SINGLE SCREW COMPRESSOR, INC., Plaintiff,
v.
U.S. DEPARTMENT OF NAVY, et al., Defendants. AURORA TECHNOLOGY CORPORATION Intervenor.



The opinion of the court was delivered by: STANLEY SPORKIN

 This case comes before the Court on the Defendants, U.S. Department of the Navy's ("Navy"), Motion to Dismiss or in the Alternative for Summary Judgment. Because this Court finds that there are no genuine issues of material fact and that the Defendants are entitled to judgment as a matter of law, the Defendants' motion for summary judgment is granted.

 FACTUAL BACKGROUND

 Summary judgment may be granted to the moving party if

 "the pleadings, depositions, answers to interrogatories, and admissions on file, together with the affidavits, if any, show that there is no genuine issue as to any material fact and that the moving party is entitled to summary judgment as a matter of law."

 Fed. R. Civ. P. 56 (c). Under Celotex Corporation v. Garret, 106 S. Ct. 2548, 2553 (1986), summary judgment is appropriate "after adequate time for discovery and upon motion, against a party who fails to make a showing sufficient to establish an element essential to that party's case and on which that party will bear the burden of proof at trial."

 In deciding a motion for summary judgment a district court must view the available evidence in a light most favorable to the non-moving party. Adickes v. Kress & Co., 398 U.S. 144, 157, 26 L. Ed. 2d 142, 90 S. Ct. 1598 (1970). Therefore, for the purposes of this motion, the Court accepts the following facts as not in dispute.

 The Plaintiff in this case is Single Screw Compressor, Inc. ("Single Screw"), a company that manufactures rotary single screw air compressors, products which are used to power shipboard systems by the United States Navy. Defendants are the United States Department of the Navy and various Navy officials at the David Taylor Research Center ("Navy") involved with the defense contract at issue in this case. Aurora Technology Corporation ("Aurora") is the party with whom the Navy did execute the contract at issue.

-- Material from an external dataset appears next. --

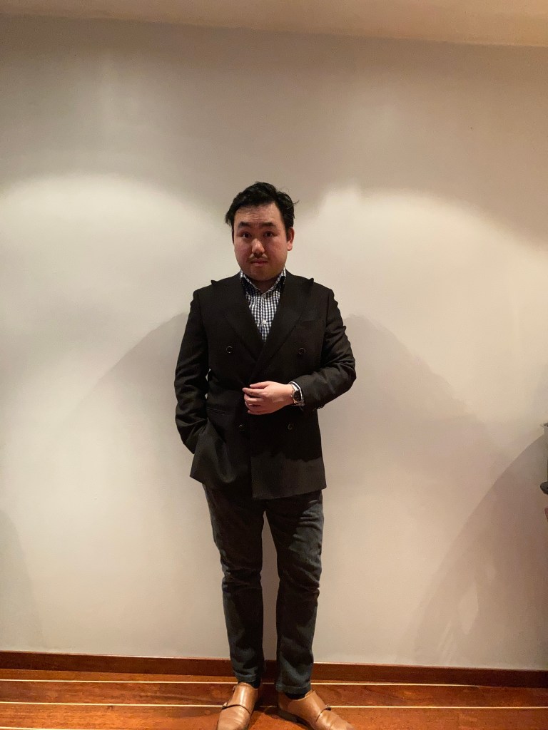 Svart kan også dele inn antrekket ditt i to. Det kan også gi fra seg en komposisjon av synergi. I de to bildene over har jeg forsøkt å illustrere hvordan en monokromatisk antrekk i grå kan fungere godt sammen med svart. Man merker til hvor skillet mellom svart og grått er. I det andre bildet har jeg implementert en mørke brun dressjakke i kombinasjon med bleknet grå bukser, men likevel en hint av svart. I tillegg til dette har svart fargen gitt fra seg i mønsteret av ruter på skjorta. Svart som skygge har dannet grunnlaget for helheten av antrekket.

 Several years ago a Navy engineer who was visiting Aurora on other business was shown drawings for a Cylindrical Orthogonal Cylindrical Arrangement ("COCA") air compressor. COCA is a term coined by Aurora which describes an air compressor in which the gaterotors, or the parts of the compressor that turn the cylindrical screw, are all at perpendicular angles to that screw. Such an instrument, should it work, would be a new and unique design for a single screw compressor. Transcript of Argument on Motion for Summary Judgment at 21 ("Tr."). The Navy engineer was interested in Aurora's new design, but at the time there was no money available in the Research Center's budget to pursue this new design.

 In 1991 money did become available in the Research Center's budget, and the center decided to obtain one prototype of Aurora's COCA design. The Navy's sole object was to test the prototype to see whether further research into the COCA concept was desirable. Because the Research Center believed that Aurora was the only supplier who had developed COCA technology, the Navy decided to proceed on a sole source procurement pursuant to 10 U.S.C. ยง 2304(c)(1).

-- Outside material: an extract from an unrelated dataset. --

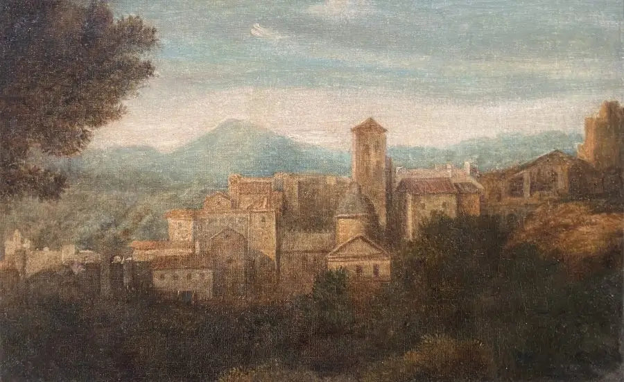 This is a classic Italian landscape painted in an academic style, taking inspiration from the Roman Campagna. This landscape, with its recession through a series of planes, soft, warm lighting and classical subject matter, draws on the example of artists such as Claude Lorrain and Gaspard Dughet.

 In April, 1991 Mr. Leonard Sundue, the Contracting Officer assigned to this project, initiated the prerequisite steps to negotiating a sole source procurement with Aurora. On April 10, 1991 Sundue prepared a Justification For Other Than Full and Open Competition. The reason stated in the Justification for proceeding on a sole source basis was as follows:

 Aurora's unique design for the COCA may provide higher pressure capability (300 psig ) than what has been demonstrated for single screw or rotary technology to date. This prototype would be set up at DTRC for testing and evaluation. . . .

 The use of the [statutory] authority cited is because Aurora Technology has the proprietary unique design concept of the COCA. This concept offers potential for higher volumetric efficiency, improved bearing loading and performance, reduced structural loading and simplified manufacturing and assembly. In addition the design offers significantly fewer parts (few valves, lower noise), better balancing, higher reliability and reduced manufacturing cost.